There are no specific restrictions on the size of a holding or
on the transfer of shares which are both governed by the general
provisions of the Articles of Association and prevailing
legislation. The Directors are not aware of any agreements between
holders of the Company's shares that may result in restrictions in
the transfer of securities or on voting rights.
No person has any special rights of control over the Company's
share capital and all issued shares are fully paid up.
With regard to the appointment and replacement of Directors, the
Company is governed by its Articles of Association, the Companies
Act and related legislation. The Articles themselves may be amended
by special resolution of the shareholders. The powers of Directors
are described in the Articles of Association, copies of which are
available on request, and the Corporate Governance Report on pages
28 to 41.
28. Ultimate parent undertaking and controlling party
The immediate parent undertaking is North West Electricity
Networks Plc, a company incorporated and registered in the United
Kingdom. The ultimate parent undertaking is North West Electricity
Networks (Jersey) Limited, a company incorporated and registered in
Jersey. The address of the ultimate parent company is: Ogier House,
The Esplanade, St Helier, Jersey, Channel Islands, JE4 9WG.
This Group is the smallest group in which the results of the
Company are consolidated. The largest group in which the results of
the Company are consolidated is that headed by North West
Electricity Networks (Jersey) Limited.
First State Investments Fund Management S.à.r.l. on behalf of
First State European Diversified Infrastructure Fund FCP-SIF
('EDIF') and IIF Int'l Holding GP Ltd ('IIF') have been identified
as ultimate controlling parties. They are advised by Colonial First
State Global Asset Management (a member of the Commonwealth Bank of
Australia Group) and JP Morgan Investment Management Inc
respectively.
Notes to the Financial Statements (continued)

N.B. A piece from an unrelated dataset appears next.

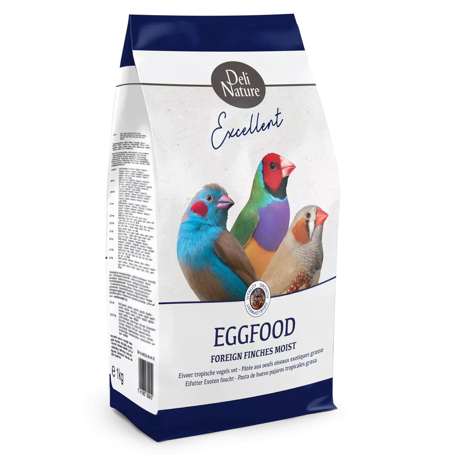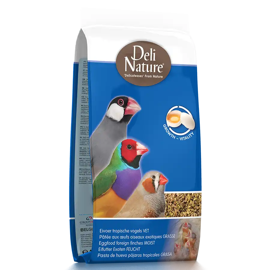 Tropiska finkar har särskilda näringsbehov under avel, uppfödning och ruggning. Deli Nature Eggfood Foreign Finches Moist är ett färdigblandat äggfoder med fin struktur som ger fullständig upptagning av näringen. Det är berikat med sötvattensräkor som bidrar med animaliskt protein, vilket är extra viktigt för tillväxt och utveckling av ungar. Tillsatsen av oregano och organiska syror stödjer en sund matsmältning och stärker immunförsvaret. Fodret är 100 procent redo att användas men kan även blandas med groddfrön, frukt eller grönsaker.

29. Related party transactions
During the year the following transactions with related parties
were entered into:
Group Company Group Company
2016 2016 2015 2015
GBPm GBPm GBPm GBPm
Transactions with related parties
Recharges to Electricity North West (Construction and Maintenance) Ltd 1.2 1.2 0.6 0.6
Recharges from Electricity North West (Construction and Maintenance) Ltd 0.2 0.2 0.2 0.2
Directors' remuneration (note 5) 1.3 1.3 1.9 1.9
Directors' services 0.2 0.2 0.2 0.2
Interest payable to North West Electricity Networks Plc 2.6 2.6 4.5 4.5
Interest payable to ENW Finance plc 12.4 12.4 12.4 12.4
Dividends paid to North West Electricity Networks Plc 30.0 30.0 37.0 37.0
Amounts outstanding with related parties are as follows:
Group Company Group Company
2016 2016 2015 2015
GBPm GBPm GBPm GBPm
Amounts owed to related parties
Group tax relief to North West Electricity Networks Plc 12.9 12.9 10.8 10.8
Group tax relief to North West Electricity Networks (Holdings) Ltd - - - -
Interest payable to North West Electricity Networks Plc 0.5 0.5 1.3 1.3
Interest payable to ENW Finance plc 2.4 2.4 2.5 2.5
Amounts owed to Electricity North West (Construction and Maintenance) Ltd - - - -
Amounts owed to Electricity North West Services Limited - 15.4 - 15.4
Borrowings from North West Electricity Networks Plc 70.9 70.9 89.7 89.7
Borrowings from ENW Finance plc 199.0 199.0 196.7 196.7
Amounts owed by related parties
Amounts owed by North West Electricity Networks Plc 3.7 3.7 3.6 3.6
Amounts owed by Electricity North West (Construction and Maintenance) Ltd 0.5 0.5 0.4 0.4
Amounts owed by North West Electricity Networks (Jersey) Limited 0.1 0.1 0.1 0.1
Amounts owed by North West Electricity Networks (Holdings) Ltd 0.2 0.2 0.2 0.2
Notes to the Financial Statements (continued)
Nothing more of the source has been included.